Owner Bob Higginbotham, who owns an audio-visual company, bought the run-down building for less than $100,000 in 1997 and renovated it, but was looking for a tenant. Higginbotham remembers that the second-floor windows were boarded up when he bought it, and the interior walls were “pitch black” from fires homeless people had been burning to stay warm. “We [renovated] this with entertainment in mind,” Higginbotham said. “We pre-wired for stage lighting and bands out back.” The Nickelses brought in Fran McCarthy, who ran Higginbotham’s original restoration and who manages the property, to serve as project manager. The Nickelses installed a 22-foot copper and stainless still that they imported from China, using the hole from the fire station’s old fire pole for the flue. Besides vodka, the still also is equipped to produce whiskey, in case that market emerges, Trey Nickels said. They also brought in several fermentation tanks. The Nickeles are keeping the numbers on their investment close to the vest. Trey Nickels declined to say even how much bean goes into a gallon of his spirits. Their investment is heavy on cash, Deborah Nickels said.

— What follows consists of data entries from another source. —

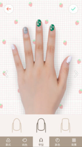 美甲大师app,提供了散式、纯色、甲型、肤色、背景,为用户创建更强大的美甲DIY软件,帮助万千女生选好自己想要的美甲样式。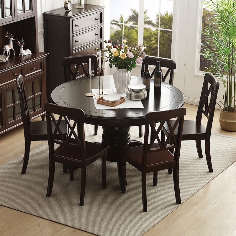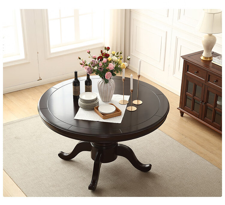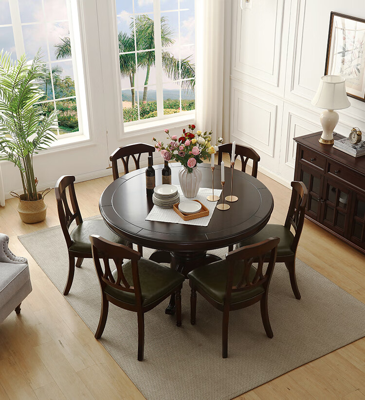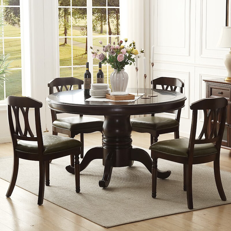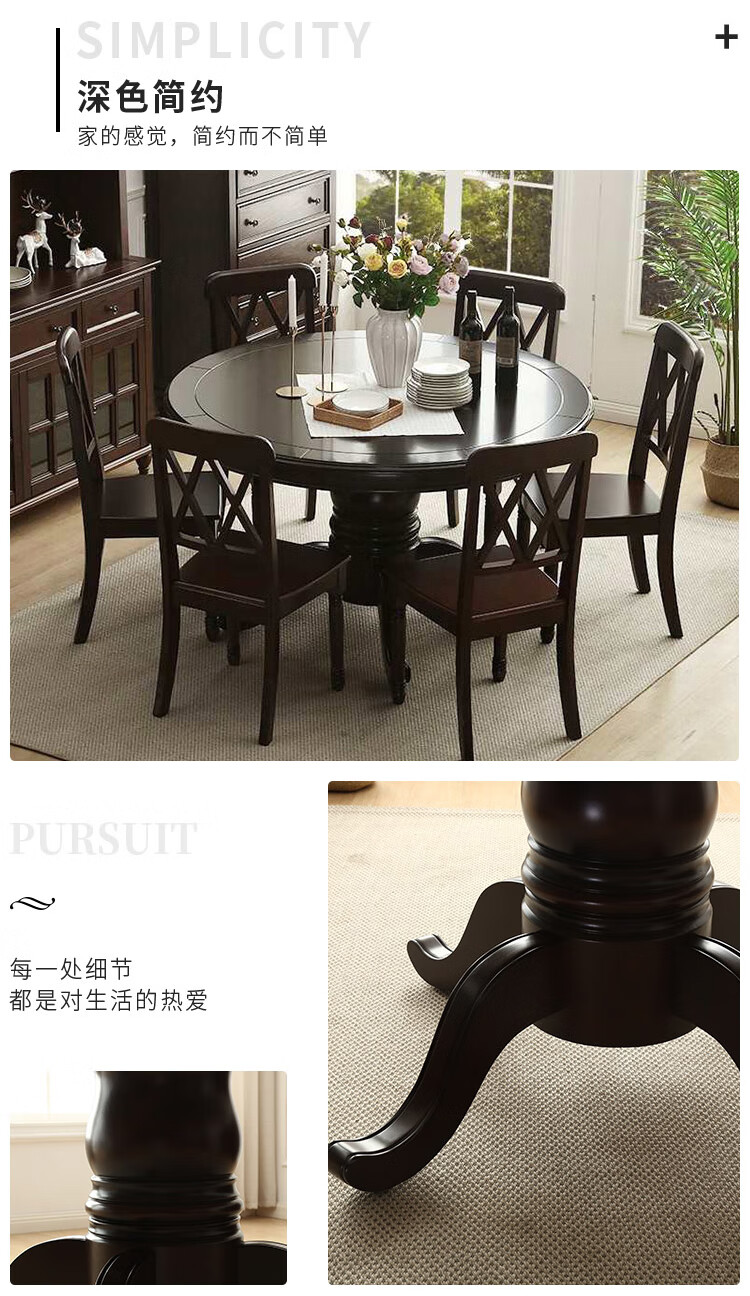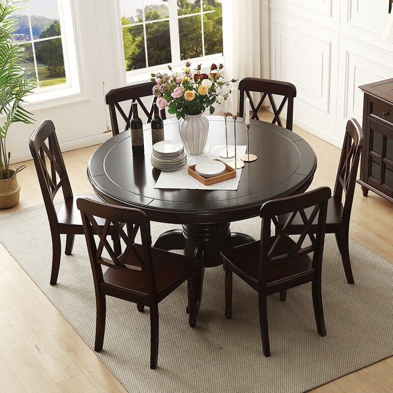 京东卡洛森餐桌 实木餐桌椅组合1.8米新中式酒店大圆桌带转盘家用圆形12人饭桌子 黑紫色(实木椅) 1.2米单桌(配0.8m转盘) 到手价:1580元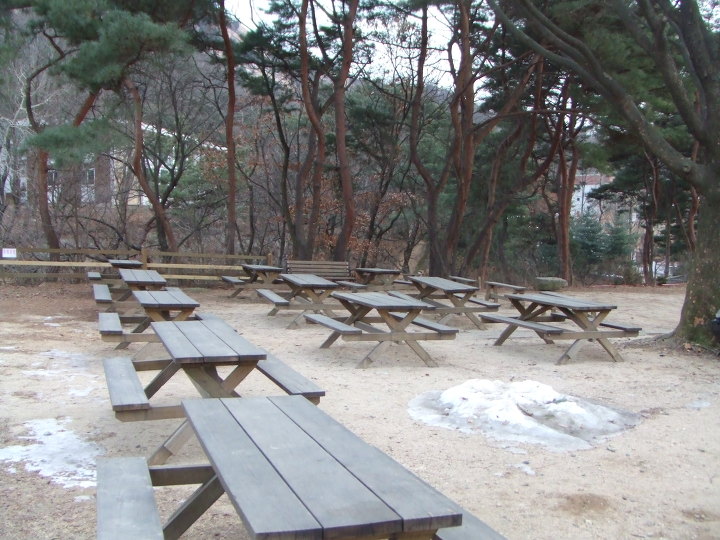 식당 외부 잔디밭에는 나무로 만든 간이용 탁자가 여러개 마련돼 있습니다.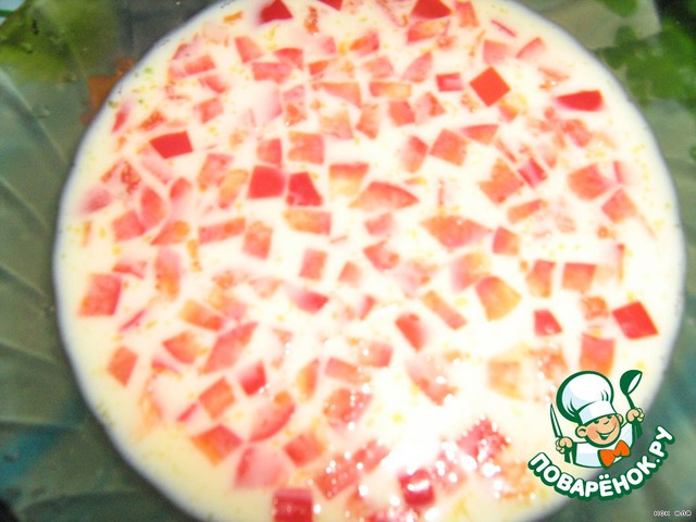 Яйцо взбиваем с молоком, добавляем нарезанный кубиками перец, соль и запекаем 2-ой корж .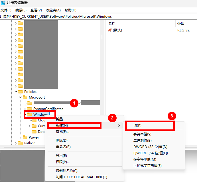 如果路径中没有Explorer文件夹,可以右键点击Windows文件夹,选择新建 -> 项,命名为Explorer。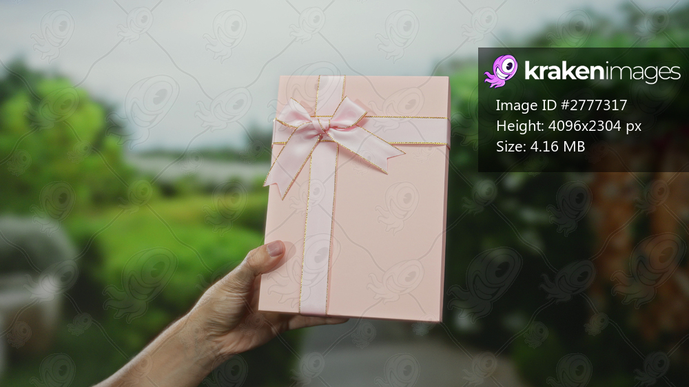 Woman holding pink gift box with bow in outdoor garden setting, showcasing a present in the lush green background.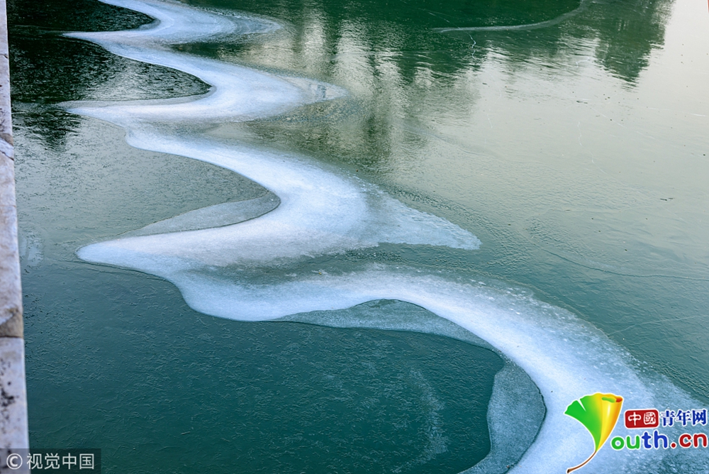 昆明湖水面結冰。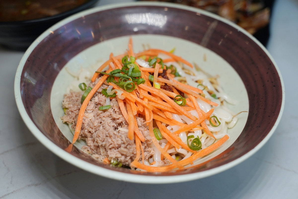 一劉乾麵是店裡的招牌,麵條是口感Q彈的拉麵,特別的是還加了美乃滋和水煮鮪魚,拌一拌後就可以開吃了,沒想到味道還滿不錯的,帶點辣味很開胃

“We’ve sold things; we’ve sacrificed,” she said. “Before you can get a permit, all the investments have to be made up front.” The production process at least will be quick. The peas will come in ground up from West Texas. The distillery will be able to produce 670 gallons of 80 proof vodka per week, Trey Nickels said. “We can probably produce right around 3,400 bottles a week, and we’d like to do it,” he said. “But we’ve got to build into the market.” Selling retail from the firehouse, the distillery will be allowed to sell a total of 3,000 gallons per year, and up to two bottles per month per consumer, Trey Nickels said. All remaining production will have to go through distributors. Tasters have suggested the vodka has a “green tea taste” and “subtle nut flavor,” he said. TreyMark will be the initial label, and a Nickel Plated No. 5 will follow, the Nickelses said. Fifths will likely sell for about $35 in stores and at the distillery, Trey Nickels said. The Nickelses want to build on the increasing popularity of the Near South Side and the emerging South Main Village. Trey Nickels is mulling the idea of promoting Near South Side “bourbon tours” that include visits to TreyMark and Rahr. Their next goal after getting production started: a continuously operating still and double the capacity. “Obviously, we have to improve the market,” Deborah Nickels said.